▶ [Directions] Write all entries out exactly, images excluded.

▶ [Entries provided]
◆ ◆ ◆

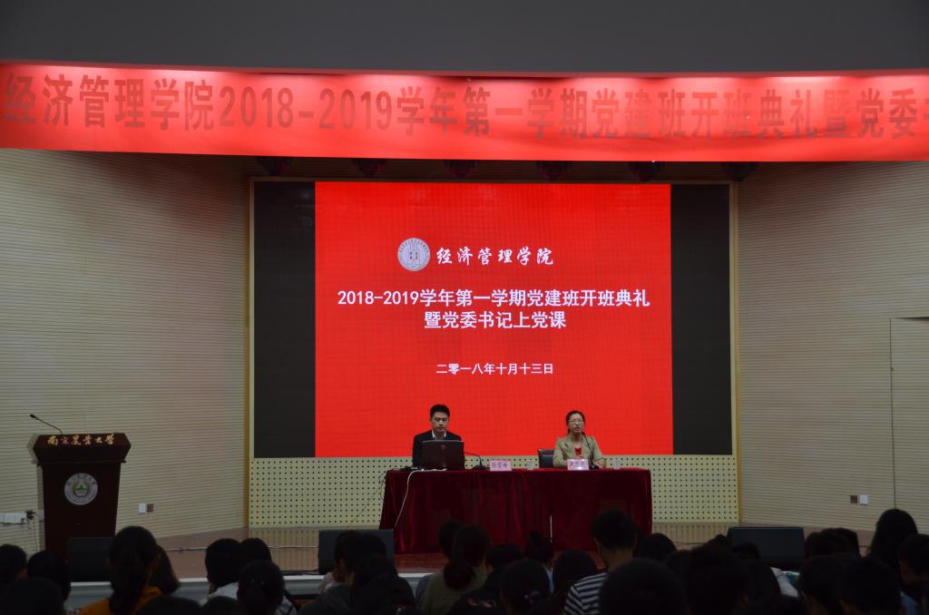 10月13日上午,beat365正版唯一官方网站在大学生活动中心举办2018-2019学年第一学期党建班开班典礼暨党委书记上党课,院党委副书记(主持工作)孙雪峰、院党委副书记卢忠菊出席本次活动,研究生辅导员张杨,本科生辅导员李扬、郑琼婷,党务秘书师慧及全体学生党员、入党积极分子和初级党建班成员共计280余人参加。院党委副书记(主持工作)孙雪峰以“《共产党宣言》导论”为主题为全体同学上了新学期第一节党课。会议由卢忠菊主持。
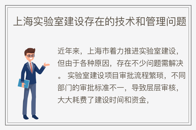 随着科技的不断进步,实验室建设成为了现代社会重要的一部分。而在上海,众多的实验室如雨后春笋般建设起来,但是在建设实验室的过程中,难免会遇到许多技术上的问题。本文将会详细阐述目前上海实验室建设存在的问题,并分析原因,同时提出解决方案。
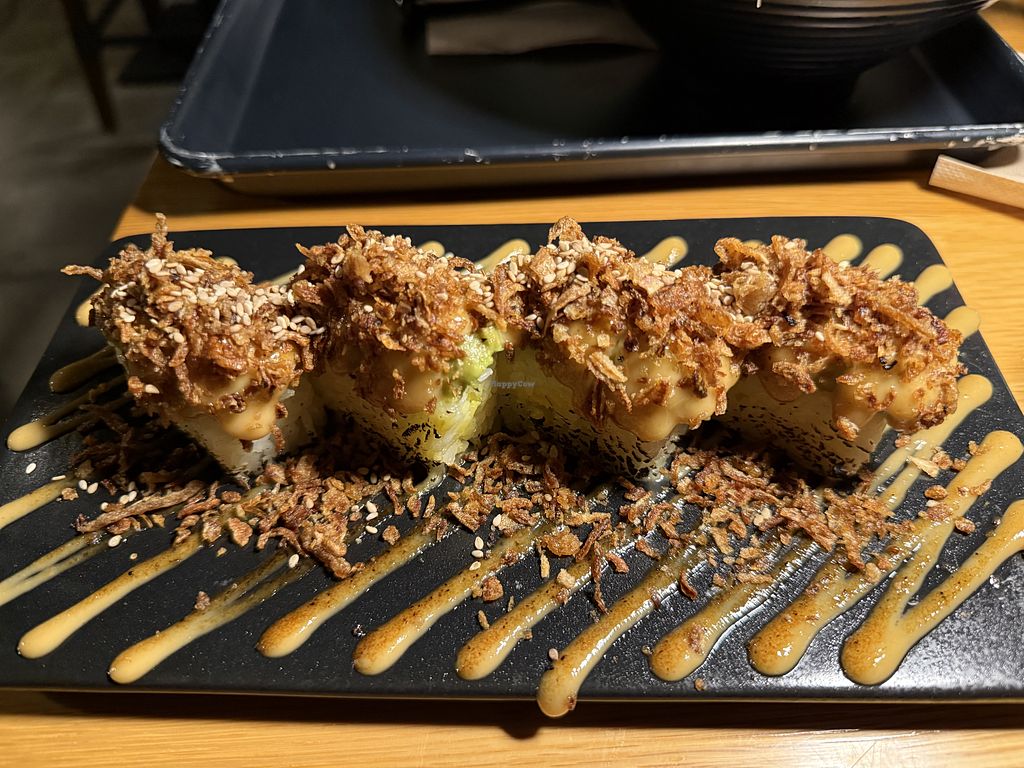 Amazing vegan Ramen. Beautifully presented with a smoky hood for extra flavor. I ordered the Red Hot Ramen, which is only medium spicy for those who are worried it would be too hot. And ordered the Spicy Avocado Roll. I much prefer the cold sushi rice they use as opposed to places that serve similar crispy rice avocado dishes.
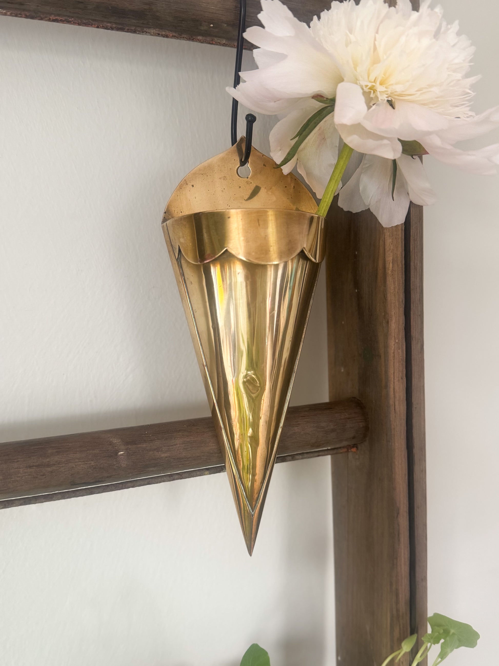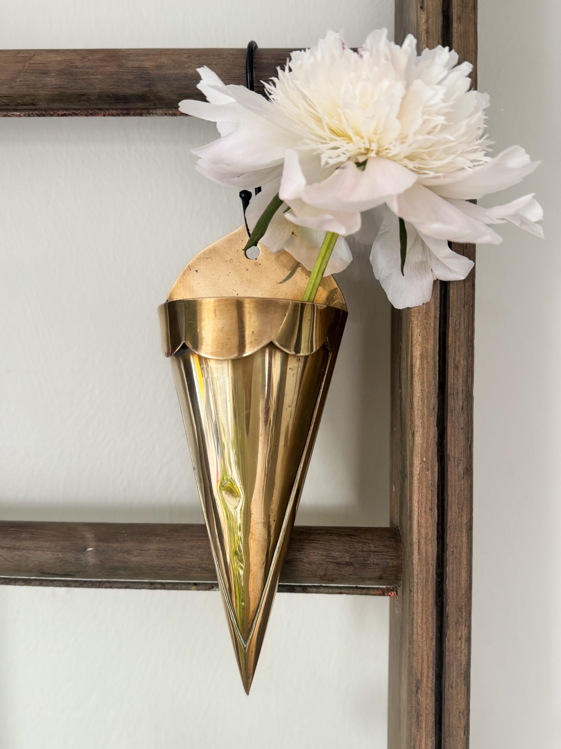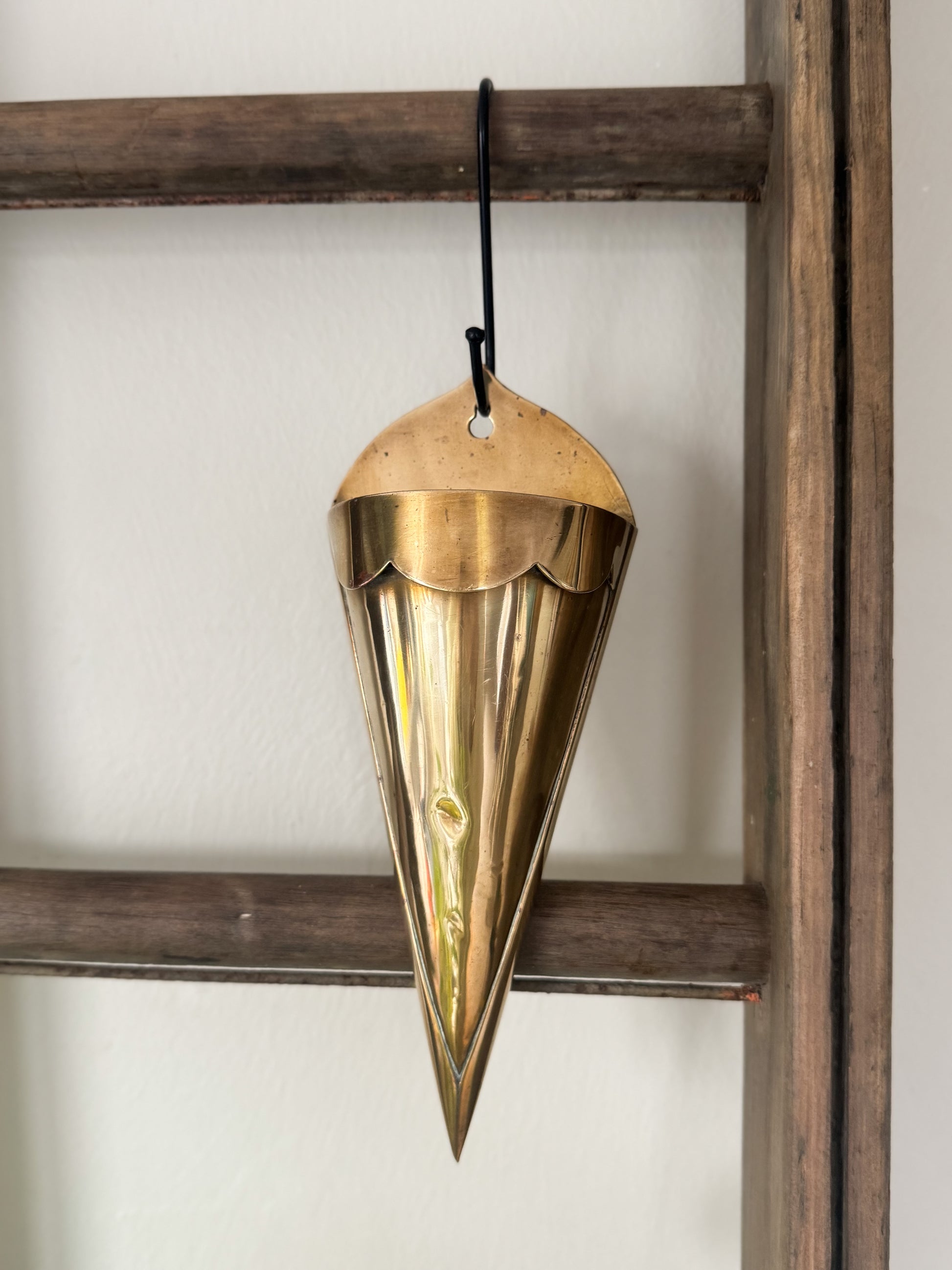A beautifully aged solid brass wall pocket with a wonderful scalloped edge and a gently tapered cone form, a charming piece that feels romantic. Handmade and full of character, it carries the marks of time with grace, from the gentle patina to its softly polished glow.
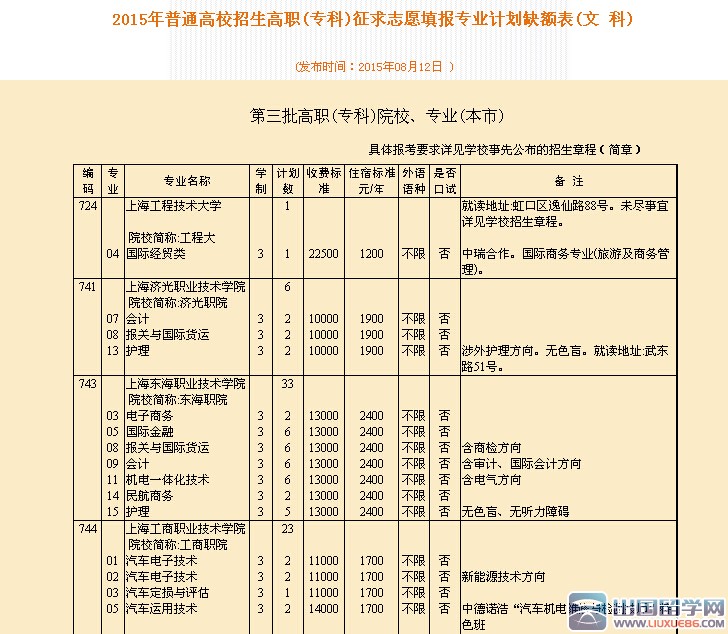 出國留學(xué)高考網(wǎng)為大家提供2015年上海高職(???征求志愿填報(bào)專業(yè)計(jì)劃缺額表(文),更多高考資訊請關(guān)注我們網(wǎng)站的更新!
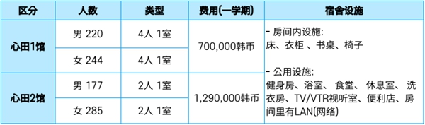 上述金額包括自治會費(20000)韓元及設施保證金(1館10000韓元、2館20000韓元)。
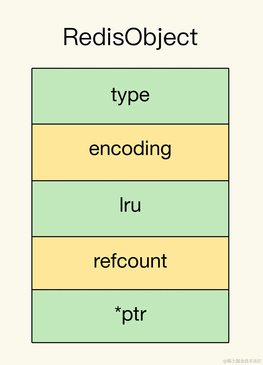 RedisObject的内部组成包括了type,、encoding,、lru和refcount 4个元数据,以及1个*ptr指针。
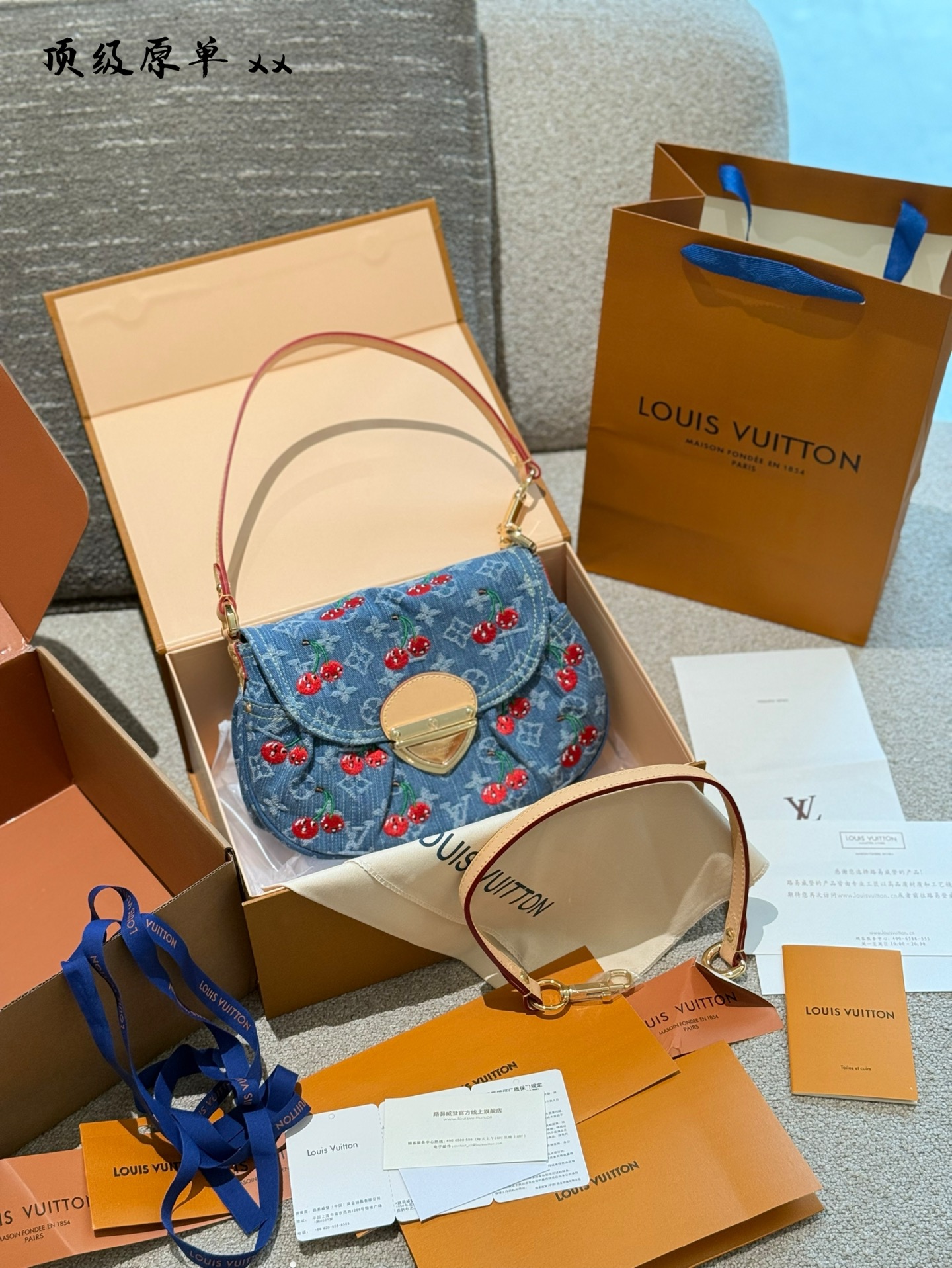 💰280 LV x村上隆 🍒sunset 谁还没拥有! 去年发售的丹宁sunset 火爆至今 今年的村上隆系列又发力了!谁能不喜欢🍒樱桃呀! 包型简洁大方,容量超好,两条肩带随意变化背法~ 这个夏天不能没有樱桃丹宁元宝包!25cm图片全套包装
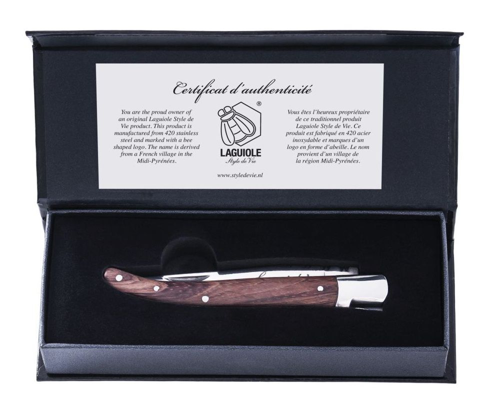 Het rozenhouten zakmes uit de Luxury Line van Laguiole Style de Vie biedt stijl en scherpte in één. Het gladde lemmet van het zakmes is gemaakt van rvs en is afgewerkt met het authentieke Laguiole bijtje. Het lemmet heeft een dikte van 2,5 mm en is niet vaatwasmachinebestendig. Elk zakmes wordt verpakt in een luxe geschenkverpakking.
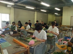 農業科1、2年生の授業の中で、フラワーアレンジメントを行いました。
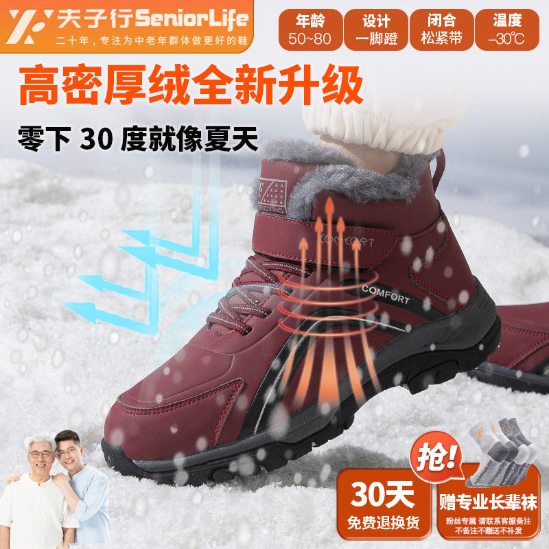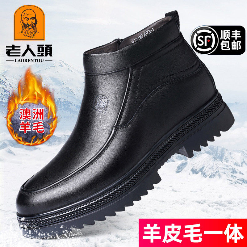 Foot strength shoes for the elderly, official flagship store, genuine winter fleece warm high-top cotton shoes, middle-aged dad leather shoes for men
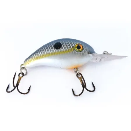 Suomukuvioitu siniharmaa selkä vaihtuu selkeään keltaiseen kylkiviivaan tässä 10 gramman (1/3oz) Strike King 4XD -vaapussa. Tuotekoodilla 10398 tunnistettavassa Sexy Shad -värityksessä on helmiäisvalkoinen vatsa ja hienovarainen oranssi vivahde uintilevyn alla. Tämä kelluva crankbait on suunniteltu saavuttamaan 2,4–3,6 metrin (8–12 ft) syvyys heitettäessä tai vedettäessä haukea ja kuhaa. Sisäiset räminäkuulat luovat teknisen ääniprofiilin, ja 5 cm (2") runko säilyttää kompaktin muodon. Molemmat pronssatut kolmihaarakoukut ovat erinomaisessa kunnossa, vastaten yksilön 5/5-kokonaiskuntoa. Yläkyljessä on yksittäinen musta täplä, joka on tämän värityksen tunnusmerkki. Suuri, kirkas uintilevy on tiukasti kiinni, valmiina syvän veden kalastukseen.
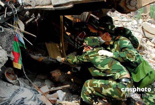 5月15日,在四川省綿竹市漢旺鎮(zhèn)地震重災(zāi)區(qū),數(shù)千名武警、消防官兵與時(shí)間賽跑,盡可能地?fù)尵让恳幻焕У臑?zāi)民。中新社發(fā) 陳進(jìn) 攝
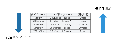 サンプリングレートが高速になるほど、使用するメモリが増え測定時間は短くなります。
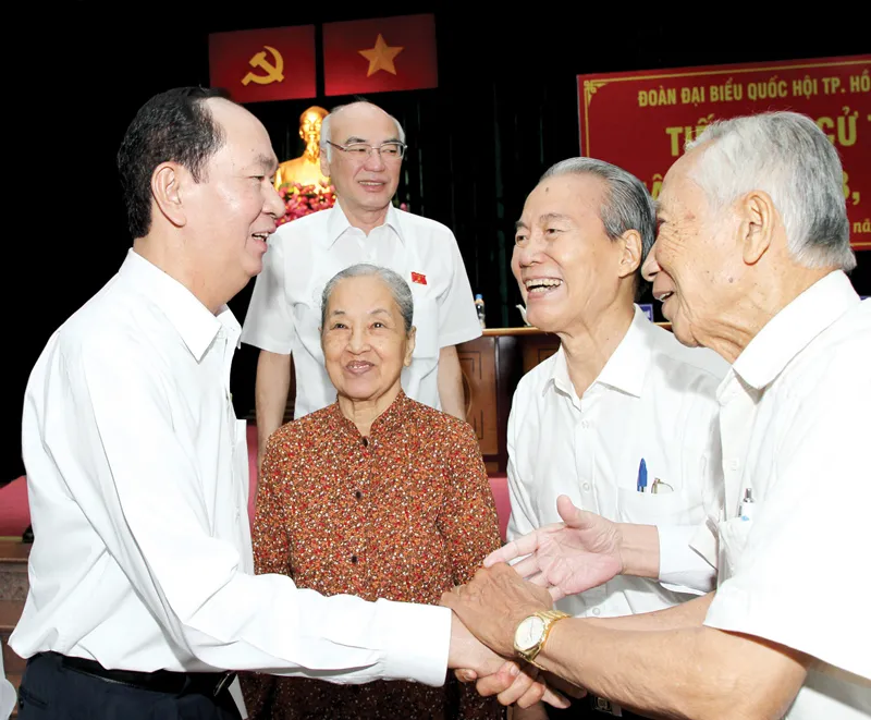 Chủ tịch nước Trần Đại Quang tiếp xúc với cử tri TPHCM . Ảnh: HOÀNG HÙNG

◆ ◆ ◆

▶ [Solution to this problem]
 10月13日上午,beat365正版唯一官方网站在大学生活动中心举办2018-2019学年第一学期党建班开班典礼暨党委书记上党课,院党委副书记(主持工作)孙雪峰、院党委副书记卢忠菊出席本次活动,研究生辅导员张杨,本科生辅导员李扬、郑琼婷,党务秘书师慧及全体学生党员、入党积极分子和初级党建班成员共计280余人参加。院党委副书记(主持工作)孙雪峰以“《共产党宣言》导论”为主题为全体同学上了新学期第一节党课。会议由卢忠菊主持。
 随着科技的不断进步,实验室建设成为了现代社会重要的一部分。而在上海,众多的实验室如雨后春笋般建设起来,但是在建设实验室的过程中,难免会遇到许多技术上的问题。本文将会详细阐述目前上海实验室建设存在的问题,并分析原因,同时提出解决方案。
 Amazing vegan Ramen. Beautifully presented with a smoky hood for extra flavor. I ordered the Red Hot Ramen, which is only medium spicy for those who are worried it would be too hot. And ordered the Spicy Avocado Roll. I much prefer the cold sushi rice they use as opposed to places that serve similar crispy rice avocado dishes.
A beautifully aged solid brass wall pocket with a wonderful scalloped edge and a gently tapered cone form, a charming piece that feels romantic. Handmade and full of character, it carries the marks of time with grace, from the gentle patina to its softly polished glow.
 出國留學(xué)高考網(wǎng)為大家提供2015年上海高職(???征求志愿填報(bào)專業(yè)計(jì)劃缺額表(文),更多高考資訊請關(guān)注我們網(wǎng)站的更新!
 上述金額包括自治會費(20000)韓元及設施保證金(1館10000韓元、2館20000韓元)。
 RedisObject的内部组成包括了type,、encoding,、lru和refcount 4个元数据,以及1个*ptr指针。
 💰280 LV x村上隆 🍒sunset 谁还没拥有! 去年发售的丹宁sunset 火爆至今 今年的村上隆系列又发力了!谁能不喜欢🍒樱桃呀! 包型简洁大方,容量超好,两条肩带随意变化背法~ 这个夏天不能没有樱桃丹宁元宝包!25cm图片全套包装
 Het rozenhouten zakmes uit de Luxury Line van Laguiole Style de Vie biedt stijl en scherpte in één. Het gladde lemmet van het zakmes is gemaakt van rvs en is afgewerkt met het authentieke Laguiole bijtje. Het lemmet heeft een dikte van 2,5 mm en is niet vaatwasmachinebestendig. Elk zakmes wordt verpakt in een luxe geschenkverpakking.
 農業科1、2年生の授業の中で、フラワーアレンジメントを行いました。
 Foot strength shoes for the elderly, official flagship store, genuine winter fleece warm high-top cotton shoes, middle-aged dad leather shoes for men
 Suomukuvioitu siniharmaa selkä vaihtuu selkeään keltaiseen kylkiviivaan tässä 10 gramman (1/3oz) Strike King 4XD -vaapussa. Tuotekoodilla 10398 tunnistettavassa Sexy Shad -värityksessä on helmiäisvalkoinen vatsa ja hienovarainen oranssi vivahde uintilevyn alla. Tämä kelluva crankbait on suunniteltu saavuttamaan 2,4–3,6 metrin (8–12 ft) syvyys heitettäessä tai vedettäessä haukea ja kuhaa. Sisäiset räminäkuulat luovat teknisen ääniprofiilin, ja 5 cm (2") runko säilyttää kompaktin muodon. Molemmat pronssatut kolmihaarakoukut ovat erinomaisessa kunnossa, vastaten yksilön 5/5-kokonaiskuntoa. Yläkyljessä on yksittäinen musta täplä, joka on tämän värityksen tunnusmerkki. Suuri, kirkas uintilevy on tiukasti kiinni, valmiina syvän veden kalastukseen.
 5月15日,在四川省綿竹市漢旺鎮(zhèn)地震重災(zāi)區(qū),數(shù)千名武警、消防官兵與時(shí)間賽跑,盡可能地?fù)尵让恳幻焕У臑?zāi)民。中新社發(fā) 陳進(jìn) 攝
 サンプリングレートが高速になるほど、使用するメモリが増え測定時間は短くなります。
 Chủ tịch nước Trần Đại Quang tiếp xúc với cử tri TPHCM . Ảnh: HOÀNG HÙNG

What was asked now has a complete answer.